TRAVERSE CITY, Mich. (AP) — A program that has pumped $2.7 billion into healing long-term injuries to the Great Lakes environment has received authorization from Congress to continue another five years.

The U.S. Senate voted unanimously Sunday to extend the Great Lakes Restoration Initiative, as the House did earlier this year. The bill, which requires President Donald Trump‘s signature to take effect, calls for gradually boosting the program’s annual funding from $300 million to $475 million by 2026.

The measure doesn’t guarantee the money, which lawmakers will need to provide in annual spending bills. But authorizing the program for multiple years is an important step.

“Over the past decade, the Great Lakes Restoration Initiative has been producing results for communities across the region, but serious threats remain,” Laura Rubin, director of Healing Our Waters-Great Lakes Coalition, said Monday. “This bill recognizes the work we have left to do, and allows Congress to boost funding to tackle these threats before they get worse and more expensive to solve.”

The program, conceived during the presidency of George W. Bush and given its first significant funding under Barack Obama, has drawn bipartisan backing from elected officials in the eight-state Great Lakes region.

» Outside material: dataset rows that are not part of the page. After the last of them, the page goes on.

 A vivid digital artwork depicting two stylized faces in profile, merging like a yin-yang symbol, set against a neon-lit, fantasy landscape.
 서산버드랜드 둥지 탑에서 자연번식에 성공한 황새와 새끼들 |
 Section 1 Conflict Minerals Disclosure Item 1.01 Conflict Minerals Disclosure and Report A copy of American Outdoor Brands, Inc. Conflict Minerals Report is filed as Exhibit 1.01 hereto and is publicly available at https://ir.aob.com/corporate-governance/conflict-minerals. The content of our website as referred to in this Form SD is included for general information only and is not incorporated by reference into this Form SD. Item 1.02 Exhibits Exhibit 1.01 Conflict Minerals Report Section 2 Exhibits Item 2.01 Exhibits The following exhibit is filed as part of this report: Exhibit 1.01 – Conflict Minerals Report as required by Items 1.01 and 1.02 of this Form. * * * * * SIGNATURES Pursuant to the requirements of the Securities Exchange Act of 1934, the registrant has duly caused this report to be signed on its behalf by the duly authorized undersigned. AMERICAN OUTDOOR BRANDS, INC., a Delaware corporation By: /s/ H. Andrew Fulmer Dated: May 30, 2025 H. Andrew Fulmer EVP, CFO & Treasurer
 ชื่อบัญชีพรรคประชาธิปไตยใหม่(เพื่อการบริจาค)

Sen. Debbie Stabenow, a Michigan Democrat and co-chair of the Senate Great Lakes Task Force, described it as “a major success story that has been critical to addressing the threats that face our beloved Great Lakes.”

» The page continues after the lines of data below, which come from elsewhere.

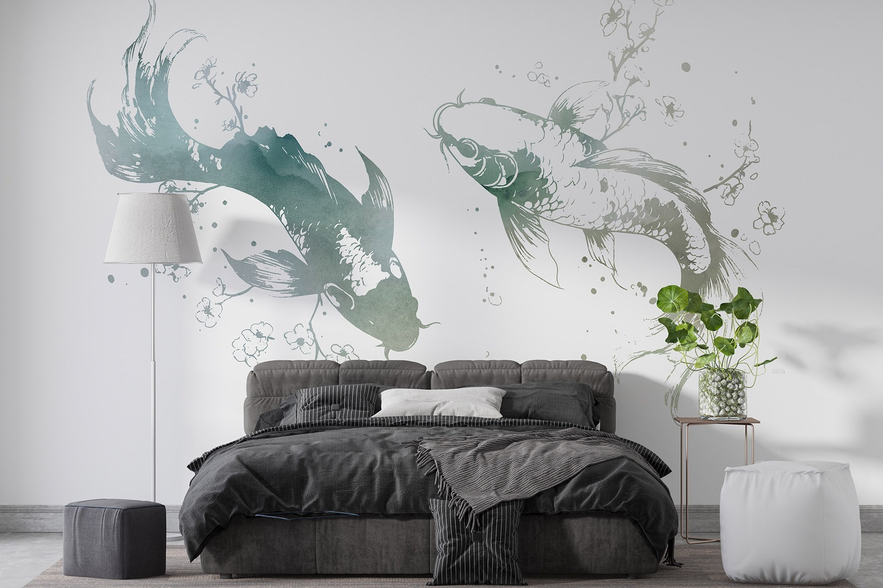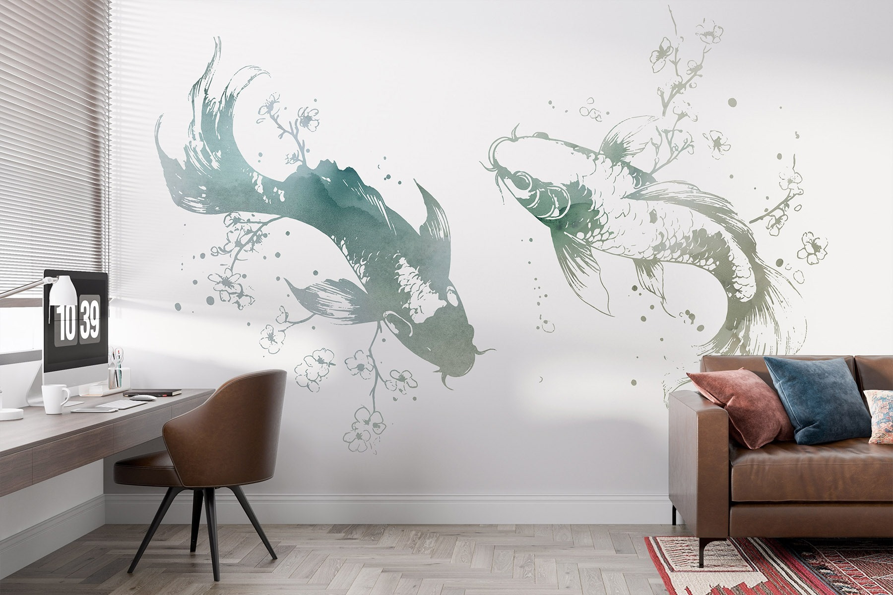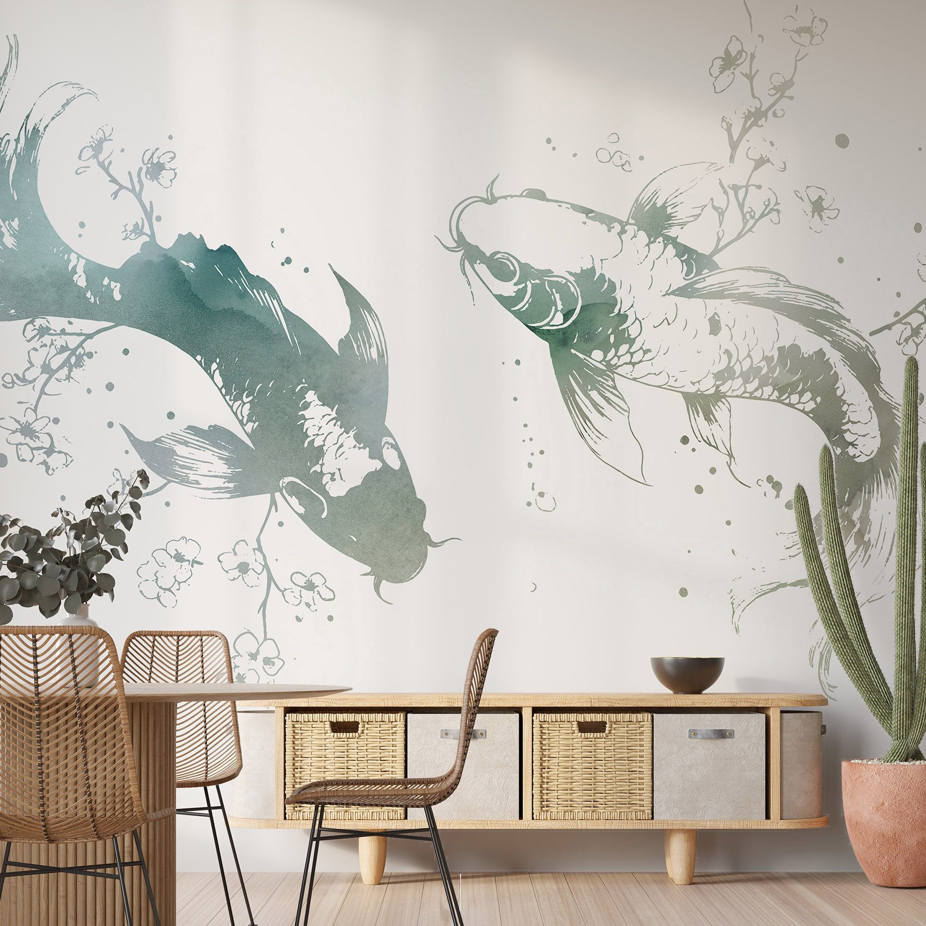 Transform any space with this charming mural featuring two fish playfully gliding amidst delicate flowers and leaves. It’s like a serene underwater garden right on your wall, bringing freshness and a splash of nature indoors. Imagine waking up to this peaceful scene, where color and creativity swim together—talk about starting the day with a smile! Perfect for living rooms or cozy nooks, it adds a touch of whimsy without overpowering the vibe. Plus, it’s one of those pieces that has a story—it whispers relaxation and invites delightful daydreams. Dive into decor that feels alive and inviting!
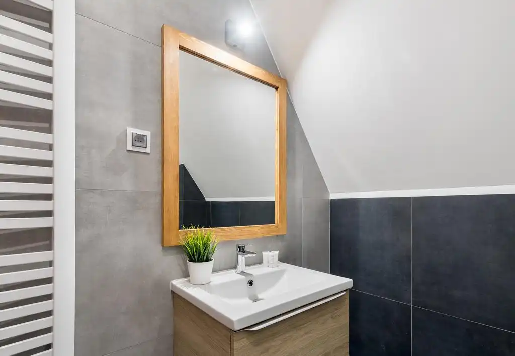 Łazienka: kabina prysznicowa, WC, umywalka, szafka na kosmetyki, lustro, grzejnik ręcznikowiec, suszarka do włosów.
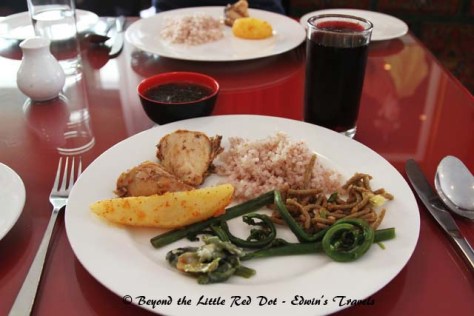 A typical Bhutanese meal which usually includes red rice, potatoes, chicken and their national specialty of chili cheese with vegetables. Bhutanese meals are generally spicy, so if you can’t take spicy food, you have to tell your guide so that he can arrange suitable food for you.
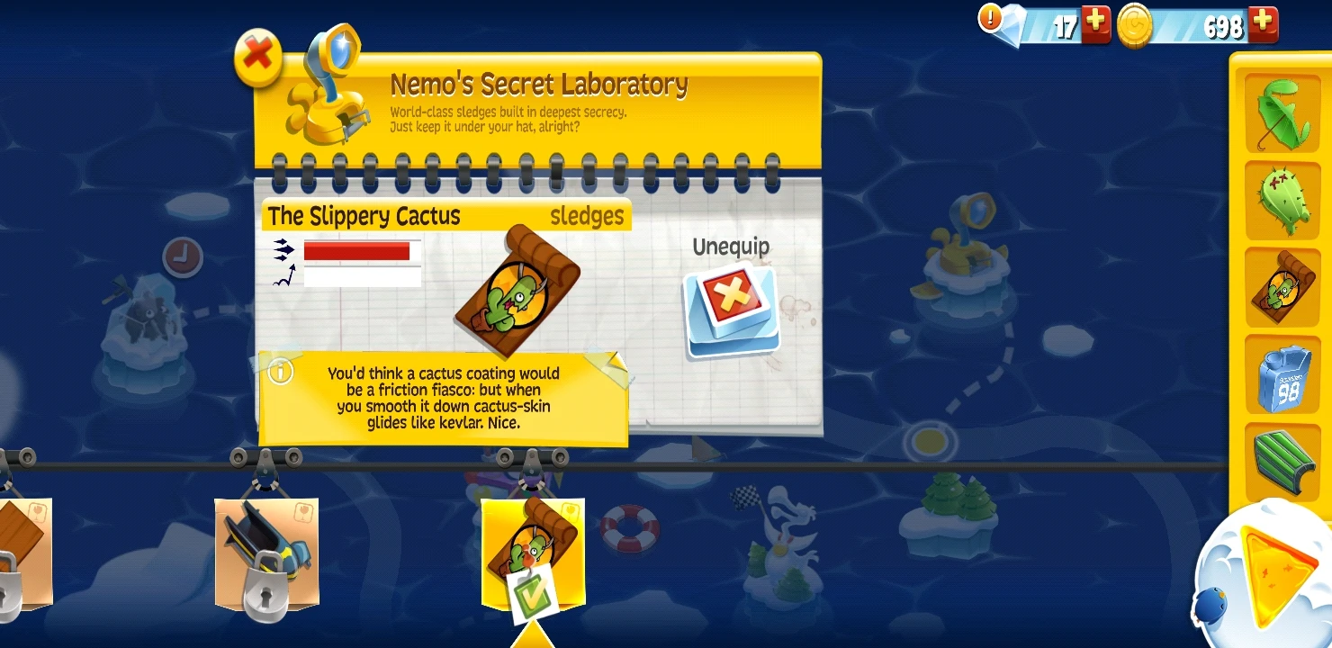 The Slippery Cactus is a sled in Learn 2 Fly Mobile. It is a regular sled, and costs 11500 coins at Nemo's Secret Laboratory.

It has supported nearly 5,500 projects targeting some of the most longstanding ecological problems plaguing the lakes: toxic industrial pollution in harbors and tributary rivers; invasive species such as zebra and quagga mussels; harmful algae caused by farm runoff and sewage overflows; and loss of wetlands and other wildlife habitats.

Another priority has been developing technologies and monitoring waterways to prevent invasive Asian carp, a threat to native fish species, from becoming established in the lakes.

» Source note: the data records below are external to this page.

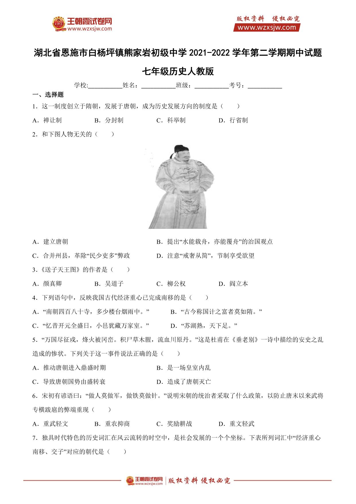 湖北省恩施市白杨坪镇熊家岩初级中学2021-2022学年第二学期期中考试试题七年级历史(人教版)
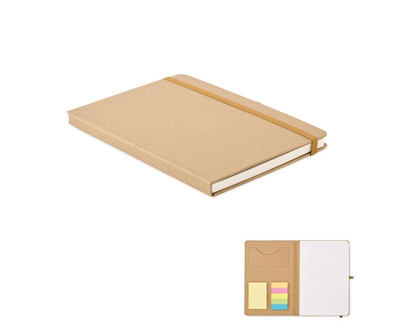 Caiet A5 cu coperta din carton cu 80 de coli de hartie reciclata (160 de pagini) 25 de coli de notite adezive si 25 de memo-uri. Curea de inchidere elastica si suport pentru pixuri.
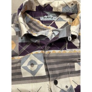Kavu Men’s Medium Camp Collar Aztec Print Tencel Short Sleeve Button Up Shirt . Condition is Pre-owned - Excellent. Shipped with USPS Ground Advantage.
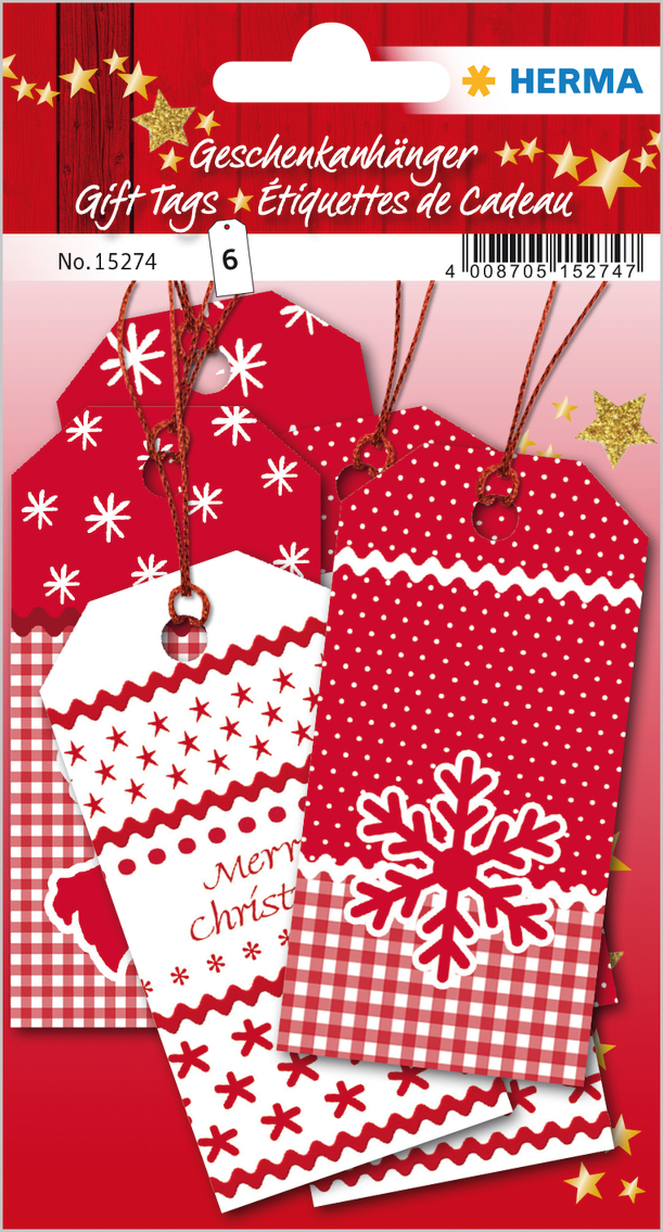 HERMA Geschenkanhänger Weihnachten 15274 rot 6 Stück

The projects have taken place in Illinois, Indiana, Michigan, Minnesota, New York, Ohio, Pennsylvania and Wisconsin. Many have drawn matching funds from local governments, indigenous tribes and nonprofit groups.

The U.S. Environmental Protection Agency, which oversees the program, has pledged more reporting on how well it’s meeting long-term goals. EPA also is encouraging projects that can withstand stresses such as climate and ecological change, as well as population growth.

The program’s renewal offers opportunities for a stepped-up focus on communities of color and low-income areas, which the incoming administration of President-elect Joe Biden is pledging to make a priority, said Jordan Lubetkin, spokesman for Healing Our Waters coalition.

“The country’s having a conversation around race relations and equity issues,” he said. “In the environmental space, we can talk about how to do our part.”